US Trade Representative Susan C. Schwab has announced that the United States
and EU have submitted a ground-breaking proposal as part of the Doha Round negotiations
to increase global trade in, and use of, environmental goods and services through
a two-stage elimination of trade tariffs.
The USTR explained that the initiative would place priority action on technologies
directly linked to addressing climate change and energy security.
"WTO Members have an unprecedented opportunity to address in a concrete
and meaningful way the global environmental challenge of climate change,”
stated Schwab. “By eliminating tariff and non-tariff barriers to environmental
goods and services, particularly clean energy technologies, we can lower their
costs and increase global access to and use of these important products.”
The proposal lays the foundation for a new environmental goods and services
agreement (EGSA) in the WTO, and would include a commitment by all WTO Members
to remove barriers to trade for a specific set of climate-friendly technologies.
The initiative was prompted by President Bush’s move earlier this
year to seek an agreement with major economies on a new international climate
agreement.
The proposal underscores the importance of liberalizing trade in environmental
goods and services in parallel by recognizing, for the first time, how the market
works in this sector – how goods are bundled with services. For example,
designing more energy efficient buildings can require consulting, design and
construction services, as well as solar panels for heating.
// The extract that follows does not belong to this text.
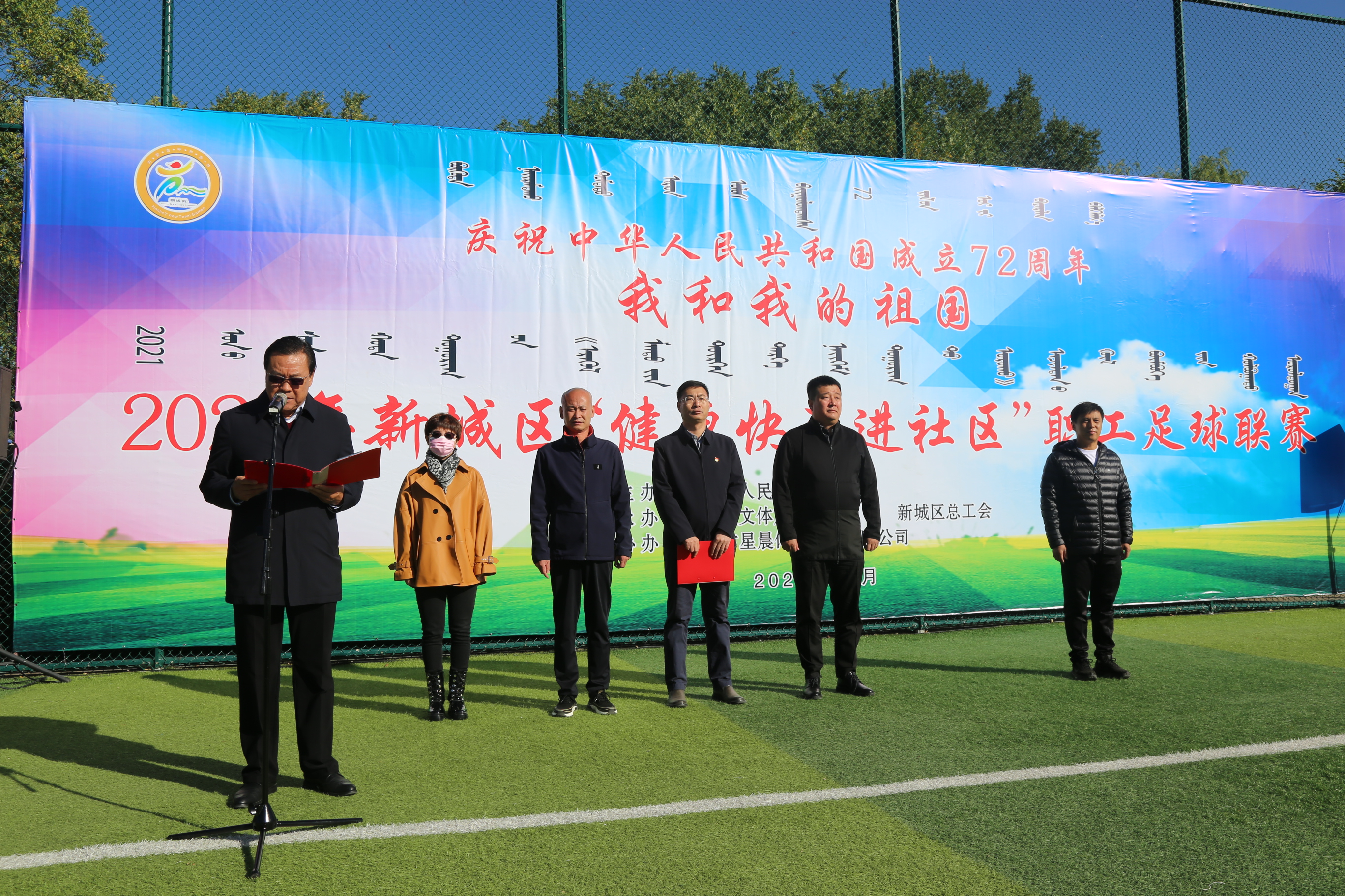 开幕式上新城区政协副主席、区总工会主席杨军主席致开幕词;裁判员代表和运动员代表进行宣誓;区委常委、宣传部部长敖登部长宣布本次职工足球联赛正式开始,并为本次比赛开球;区文体旅游广电局局长兰建军主持了开幕式。

The United States, joined by the European Union, proposes to eliminate tariff
and non-tariff barriers to environmental technologies and services through a
two-tiered approach: 1) A first-ever in the WTO agreement on worldwide elimination
of tariffs on a specific list of climate friendly technologies recently identified
by the World Bank; and 2) A higher level of commitment on the part of developed
and the most advanced developing countries to eliminate barriers to trade across
a broader range of other environmental technologies and an array of environment-friendly
services.
Global trade in the environmental goods covered by the US and EU proposal totalled
approximately $613 billion in 2006, and global exports of these goods have grown
annually by an average of 15% since 2000.
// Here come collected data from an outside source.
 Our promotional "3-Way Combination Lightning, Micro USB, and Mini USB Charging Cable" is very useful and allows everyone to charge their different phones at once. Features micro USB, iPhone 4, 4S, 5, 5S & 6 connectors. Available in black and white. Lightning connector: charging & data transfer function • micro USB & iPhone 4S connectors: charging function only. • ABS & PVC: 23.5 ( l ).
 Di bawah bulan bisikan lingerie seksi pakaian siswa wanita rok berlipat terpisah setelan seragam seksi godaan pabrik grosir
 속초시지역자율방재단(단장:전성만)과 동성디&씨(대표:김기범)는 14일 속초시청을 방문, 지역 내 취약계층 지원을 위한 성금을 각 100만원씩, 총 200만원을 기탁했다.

WTO Members currently charge duties as high as 70% on certain environmental
goods, impeding access to and use of these important technologies. A recent
World Bank study on climate and clean energy technologies suggests that by removing
tariffs and non-tariff barriers to key technologies, trade could increase by
an additional 7-14% annually. A corresponding increase in use of such technologies
and services could contribute importantly to global efforts to address climate
change and energy security. The World Bank report also concludes that liberalizing
trade in these technologies could facilitate more high-end technology investment.
According to separate data on environmental indicators available from the World
Bank and World Resources Institute, countries that trade more environmental
goods either have less pollution or consume energy more efficiently, or both.